As shown in the figure below, the agent's observation space encompasses key market data such as current asset prices $\mathbf{p}$ and the agent's portfolio holdings $\mathbf{s}$ , forming the initial observation $o_0$ . This base information is augmented dynamically through tool invocations, which provide additional data such as detailed stock indicators $\pi_i$ and general market news $i$ , resulting in a comprehensive observation $o_t$ at each time step. The agent's reasoning process, guided by the ReAct paradigm, operates autonomously, generating natural language traces that articulate its decision-making logic. These traces are recorded to ensure transparency and reproducibility, enabling researchers to analyze the agent's behavior in complex financial contexts.

The action space is constrained to three discrete actions per asset: buy, sell, or hold.
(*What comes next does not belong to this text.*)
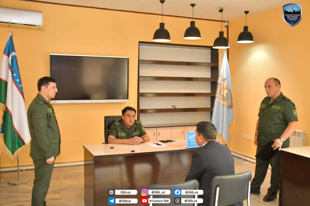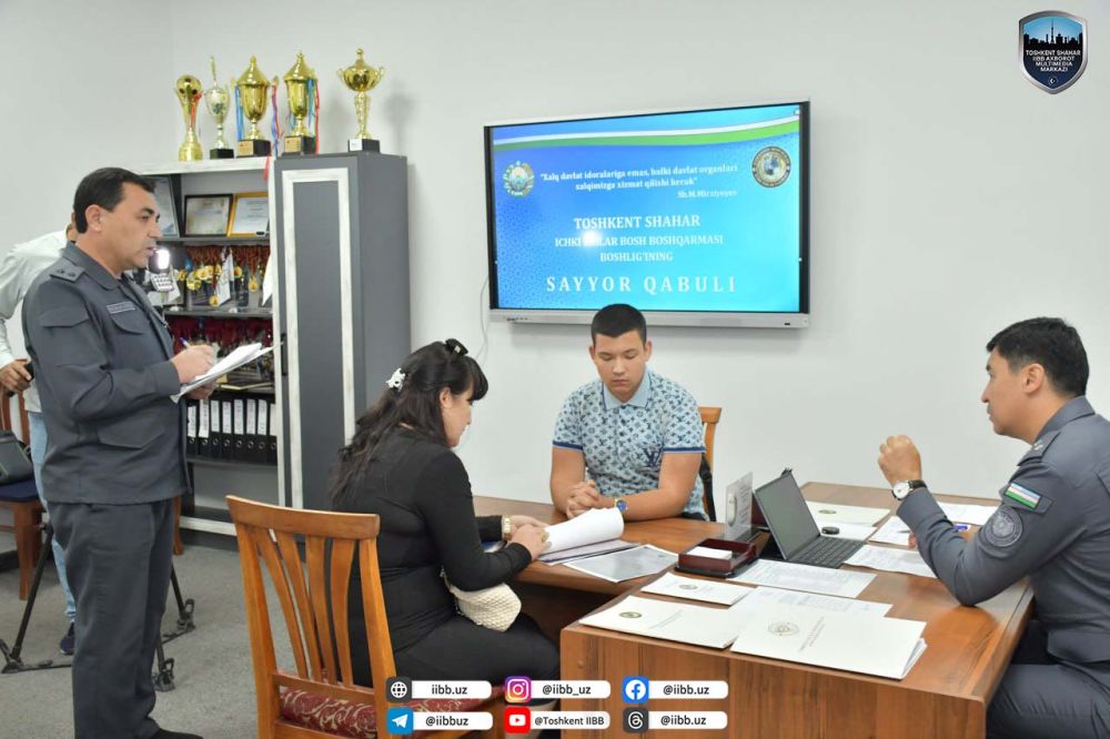 Пойтахтимизнинг Шайхонтоҳур туманида жойлашган Ноширлик-матбаа техникуми биносида ИИББ бошлиғи, полковник Равшан Султанходжаев ҳамда бошқа ҳуқуқни муҳофаза қилувчи органлар масъуллари томонидан навбатдаги сайёр қабул ўтказилди. Унда 54 нафар юридик ва жисмоний шахслар қабул қилиниб, мурожаатлари тингланди. Мурожаатларни ўрганиш чоғида уларнинг 17 таси қабулхонанинг ўзида ижобий ҳал этилди. 14 таси бўйича малакали ҳуқуқий тушунтириш ва тавсиялар берилди. 23 та мурожаатларда келтирилган маълумотларни атрофлича текшириш ва қонуний хулоса чиқариш учун қўшимча муддатлар белгиланиб, ижроси назоратга олинди. Шунингдек, уларнинг ижросини таъминлаш борасида масъулларга тегишли топшириқлар берилди. Шахсий қабул давомида тушган 36 та мурожаатлар бевосита ички ишлар органлари билан боғлиқ бўлиб, улар мазмун-моҳиятига кўра: суриштирув ва тергов ҳаракатлари, пробация ҳисобидан чиқариш, мол-мулк ва пул маблағларини ундириш, ички ишлар органлари ходимлари фаолияти, республика фуқаролигини олиш ҳамда паспорт тизимига оид ва бошқаларни ташкил этди. Таъкидлаш жоизки, бу каби қабуллар жараёнида фуқароларнинг мурожаатлари, саволларига эътибор ва индивидуал ёндашув орқали уларнинг ҳақ-ҳуқуқларига, инсоний манфаатларига ҳурмат ва кафолат намоён этилмоқда.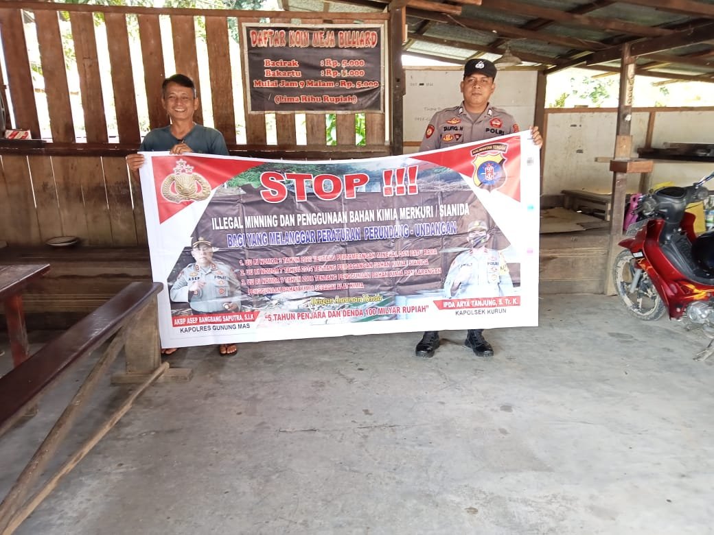Polres Gunung Mas – Polsek Manuhing, Polda Kalteng, Gunung Mas, Kalimantan Tengah, terus meningkatkan upaya sosialisasi untuk menginformasikan masyarakat tentang bahaya lingkungan yang ditimbulkan oleh aktivitas tambang ilegal. Rabu (03/01/24) sekira pukul 11.00 WIB.

The agent's policy function $a_t = f(o_t, r_t)$ maps the current observation $o_t$ and reasoning $r_t$ to an executable action, ensuring decisions are both autonomous and compliant with real-world constraints such as liquidity and regulatory rules. If an action would violate these constraints, the system triggers a self-correction mechanism, requiring the agent to re-evaluate and generate a new, feasible decision.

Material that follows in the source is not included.